1.

0 OBJECTIVE
To lay down the Procedure for Manufacturing of Tablets & Capsules.
2.0 SCOPE
This SOP shall be applicable for Tablet & Capsule Manufacturing in the Production
department.
3.0 RESPONSIBILITY
3.1 Execution: Operator
3.2 Checking: Production Pharmacist & Above

4.0 ACCOUNTABILITY
HOD-Production/ Assigned Designee
5.0 PROCEDURE

5.1 PLANNING
The activities in manufacturing department should be planned according to the
production schedule by Production Executive or Production Manager for the respective
month, and specifically for the respective week.

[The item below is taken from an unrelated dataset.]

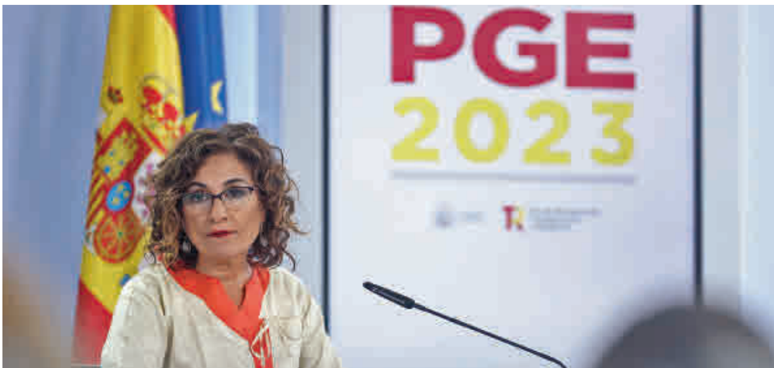
María Jesús Montero presentó los presupuestos de 2023

El refuerzo de la atención sanitaria, fundamentalmente la primaria, las becas, la Educación o la Dependencia son otros de los aspectos fundamentales de las cuentas, que también incrementan el gasto en Defensa.

5.2 OBTAINING THE BATCH DOCUMENT

According to plan production person shall generate Process order No. of respective
products and obtained the batch no. and batch documents from Q.A. department, for
this a request is to be raised to Q.A. department mentioning the Product Name and
Process order No. as required. After the generation of the batch documents by Q.A.
department, the production department should receive it form Q.A. department duly
signed by Q.A. Officer. The production person should also sign while receiving the
document after checking the pages, issue no, batch details etc.

5.3 REQUISITION TO THE STORES

The raw material requisition / Bill of material should be raised preferably in advance, to
issue of the raw materials for respective batches. The store person should make
necessary arrangements for the dispensing accordingly.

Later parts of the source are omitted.